Tuesday, January 18, 2011

George Orwell's "Why I Write" a Primer for Aspiring Writers


George Orwell's 1946 essay "Why I Write" is a masterful mix of autobiography, politics, and writing instruction. Aspiring writers would get from this article at the least an inspirational gem and possibly a modus operandi.


In this 2,700-word, highly readable reflection, Orwell implies that the nature of a writer and the drive to write reveal themselves at an early age: “I knew that I had a facility with words and a power of facing unpleasant facts.” He writes that he began writing poetry at age four or five and published in a local newspaper his first poem at eleven. An overarching theme in the childhood segment of this piece is the value of modeling one’s style after admired writers.



Orwell’s four great motives for writing prose are what he calls sheer egoism, aesthetic enthusiasm, historical impulse, and political purpose, concluding: "What I have most wanted to do throughout the past ten years is to make political writing into an art. My starting point is always a feeling of partisanship, a sense of injustice.
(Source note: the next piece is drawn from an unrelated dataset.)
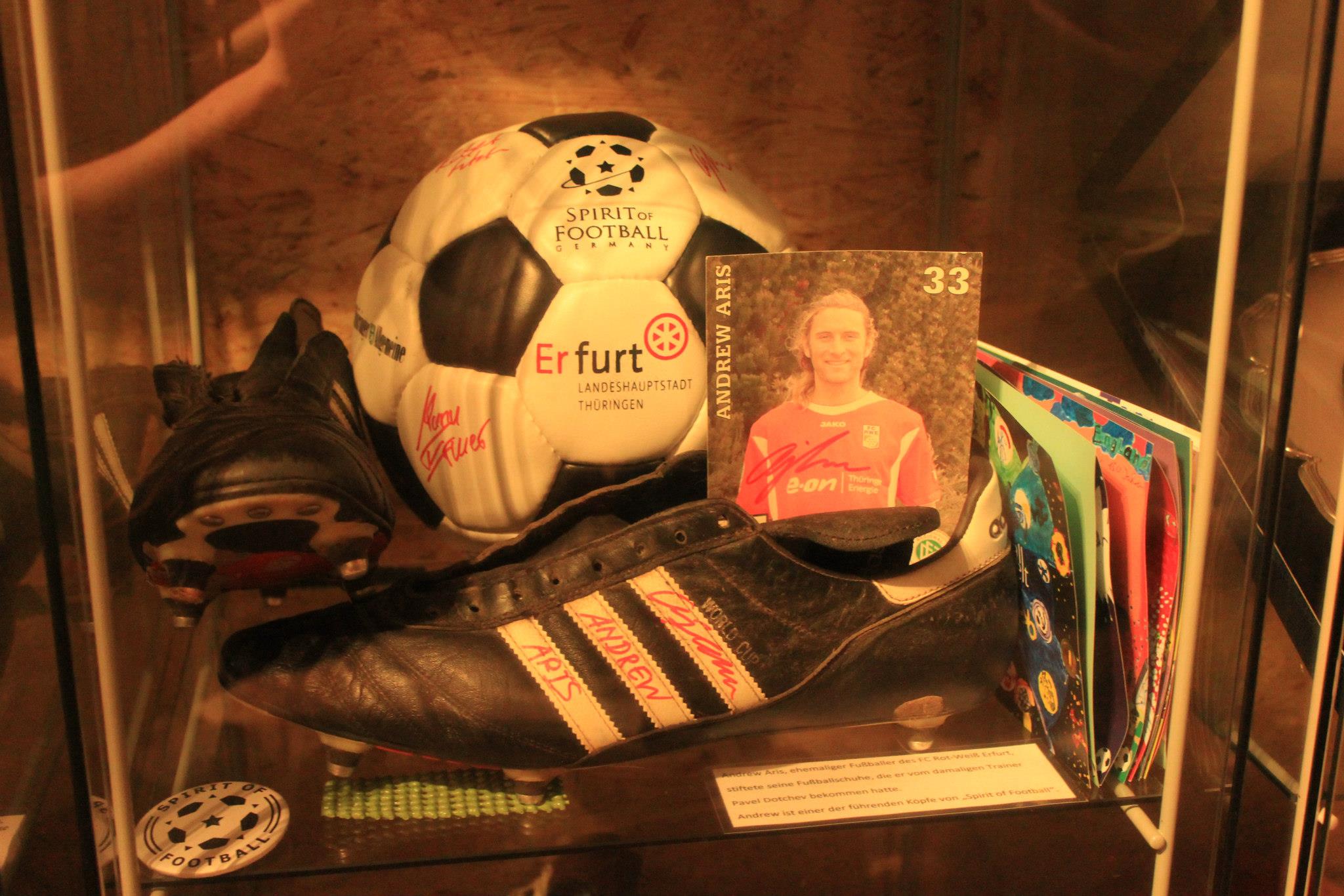 Eine Zeitreise durch die Deutsche Fussballgeschichte. Ein Vitrinenfach nur für "Spirit of Football". Einer der führenden Köpfe ist Andrew Aris, ehemaliger Spieler des FC Rot-Weiß Erfurt. Seine Geschenke an die Fussballzeitreise sind auch Symbol für eine hoffentlich lange Zusammenarbeit !

When I sit down to write a book, I do not say to myself, ‘I am going to produce a work of art’. I write it because there is some lie that I want to expose, some fact to which I want to draw attention, and my initial concern is to get a hearing."


And that he achieved supremely. Despite dying at age 46, Orwell wrote voluminously on causes of social justice, and he did so with great style to boot, most famously with Animal Farm and 1984. My favorite quote from the essay comes in the final paragraph: "One can write nothing readable unless one constantly struggles to efface one’s own personality. Good prose is like a windowpane."